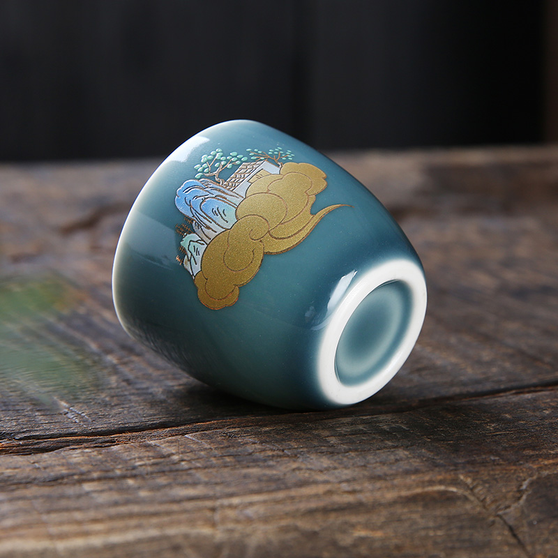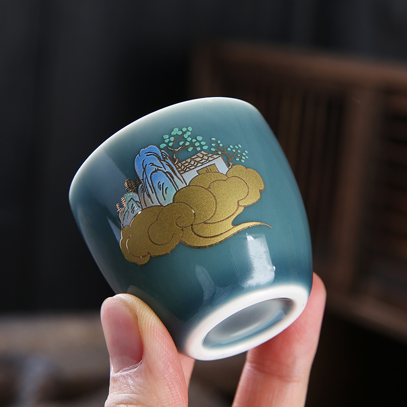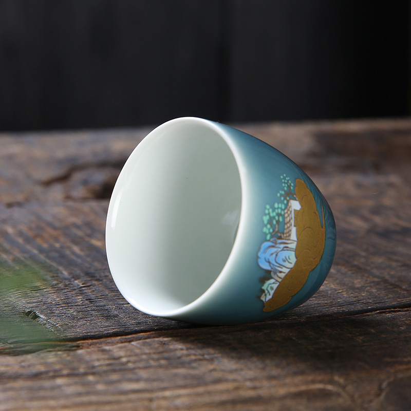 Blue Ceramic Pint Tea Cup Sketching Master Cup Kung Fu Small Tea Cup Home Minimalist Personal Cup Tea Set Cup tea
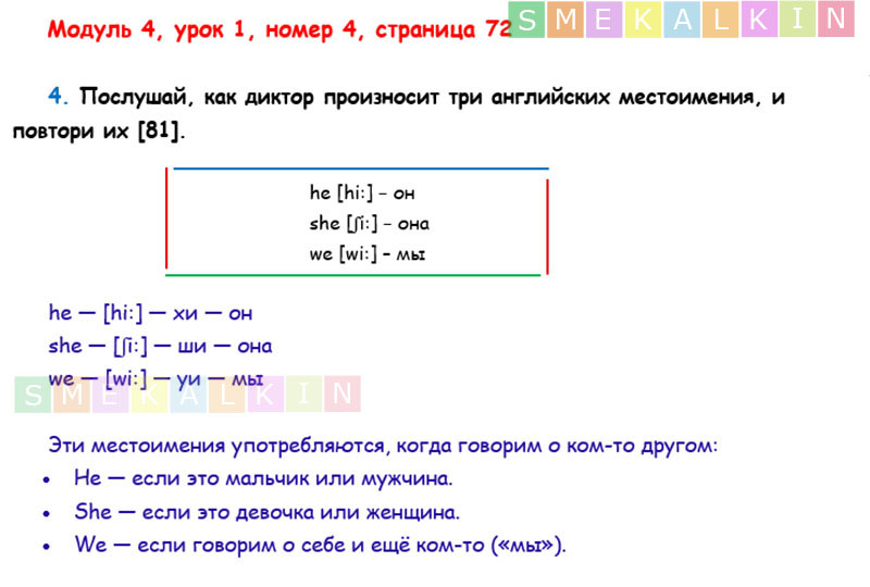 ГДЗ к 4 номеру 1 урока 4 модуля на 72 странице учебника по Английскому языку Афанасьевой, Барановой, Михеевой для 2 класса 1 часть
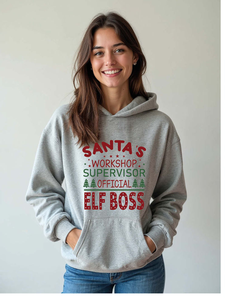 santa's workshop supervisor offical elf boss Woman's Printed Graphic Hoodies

* * *

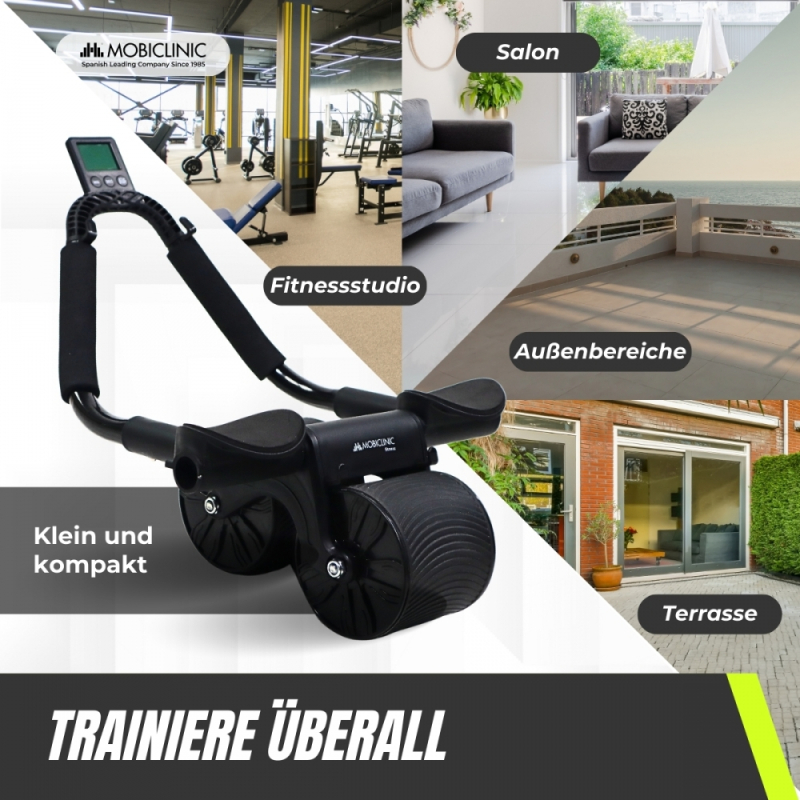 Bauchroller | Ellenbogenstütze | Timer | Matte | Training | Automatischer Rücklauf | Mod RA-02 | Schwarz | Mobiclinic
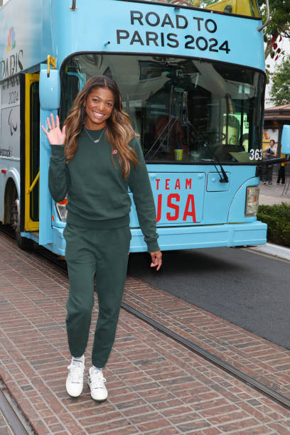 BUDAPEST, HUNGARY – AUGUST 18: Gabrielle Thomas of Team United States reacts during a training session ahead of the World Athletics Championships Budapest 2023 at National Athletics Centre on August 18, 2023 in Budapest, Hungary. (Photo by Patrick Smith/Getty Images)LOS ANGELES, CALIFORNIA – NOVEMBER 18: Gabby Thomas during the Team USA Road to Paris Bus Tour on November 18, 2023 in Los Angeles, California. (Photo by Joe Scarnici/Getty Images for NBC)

* _Your assignment_
With pictures excluded, reproduce exactly the lines above from the one containing "ГДЗ к 4 номеру" down to the one containing "santa's workshop supervisor", those two included.

* _Exercise output_
 ГДЗ к 4 номеру 1 урока 4 модуля на 72 странице учебника по Английскому языку Афанасьевой, Барановой, Михеевой для 2 класса 1 часть
 santa's workshop supervisor offical elf boss Woman's Printed Graphic Hoodies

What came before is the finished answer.